Twenty-four glaucoma subjects and fourteen control subjects were tested on with HEP and SAP using the standard testing protocols for each. Paired t-tests were used to evaluate the differences between mean deviations and pattern standard deviations for HEP and SAP. Significant depressions were plotted by location on the standard 24-2 test pattern for each instrument to demonstrate differences in depressions from glaucomatous field defects detected by the differing stimuli.
The average age of control subjects was 60 +/-10.21 and glaucoma subjects was 45 +/- 14.20. The 95% confidence intervals for mean deviations were as follows: HEP control subjects, +1.16 to -1.70 dB; SAP control subjects, +0.37 to -0.87 dB; HEP glaucoma subjects, -4.45 to -7.75 dB, SAP glaucoma subjects, -0.71 to -2.26 dB. The paired t-test for SAP and HEP revealed no significant difference between mean deviations for controls, but significant differences were detected between pattern standard deviations for controls, and between mean deviations for glaucoma subjects. Pattern standard deviations for glaucoma subjects approached but did not reach 0.05% significance. HEP showed a larger number and deeper depressions from control values for glaucoma subjects than demonstrated with SAP.

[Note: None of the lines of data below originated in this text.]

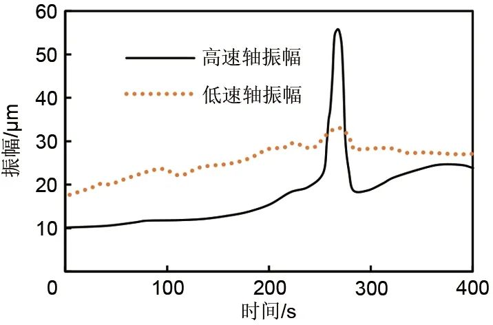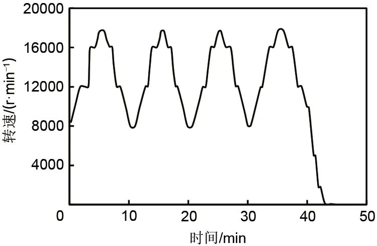 试验中,高速轴转子正在14000 r/min驾驭崭露了振动峰值,为了验证振动峰值崭露是否具有无意性,正在14000 r/min相近实行了4次起落速试验,起落速弧线次起落速经过中,转速的转折局限均为8000~17600 r/min,起初转子从8000 r/min升速至12000 r/min,中断1 min后,分裂以20、30、40和50 s差别的升速速率加快到16000 r/min,中断1 min后,无间擢升转速至17600 r/min,运转1 min后先导降速。
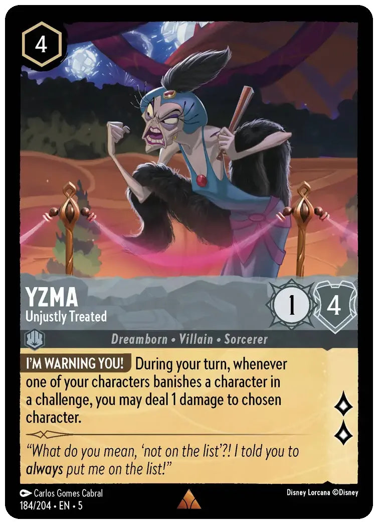During your turn, whenever one of your characters banishes a character in a challenge, you may deal 1 damage to chosen character.
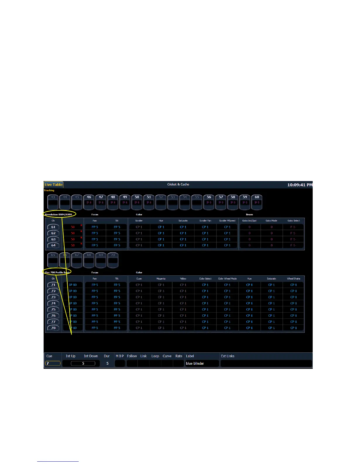 In live, table view displays all active channel data being output from Element. In blind, it will display
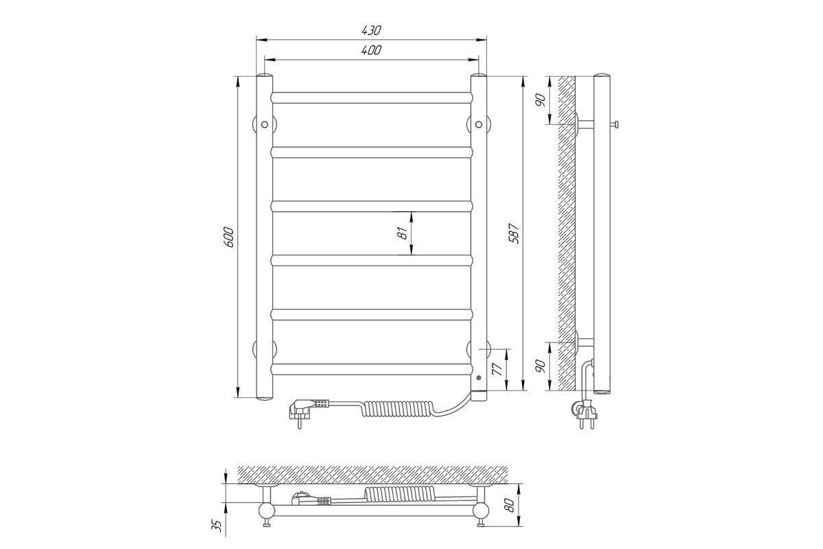 Полотенцесушитель электрический Laris Джаз П6 400x600 Правый 73207470

The expanded and lower confidence interval of the HEP mean deviations suggest it may reveal visual field abnormalities with glaucoma at earlier stages. Location mapping of significant depressions would seem to reveal larger defects and more significant depressions detected with HEP than revealed with SAP. The increased sensitivity to glaucomatous damage would seem to imply a different dynamic range for flicker defined form than for achromatic stimuli.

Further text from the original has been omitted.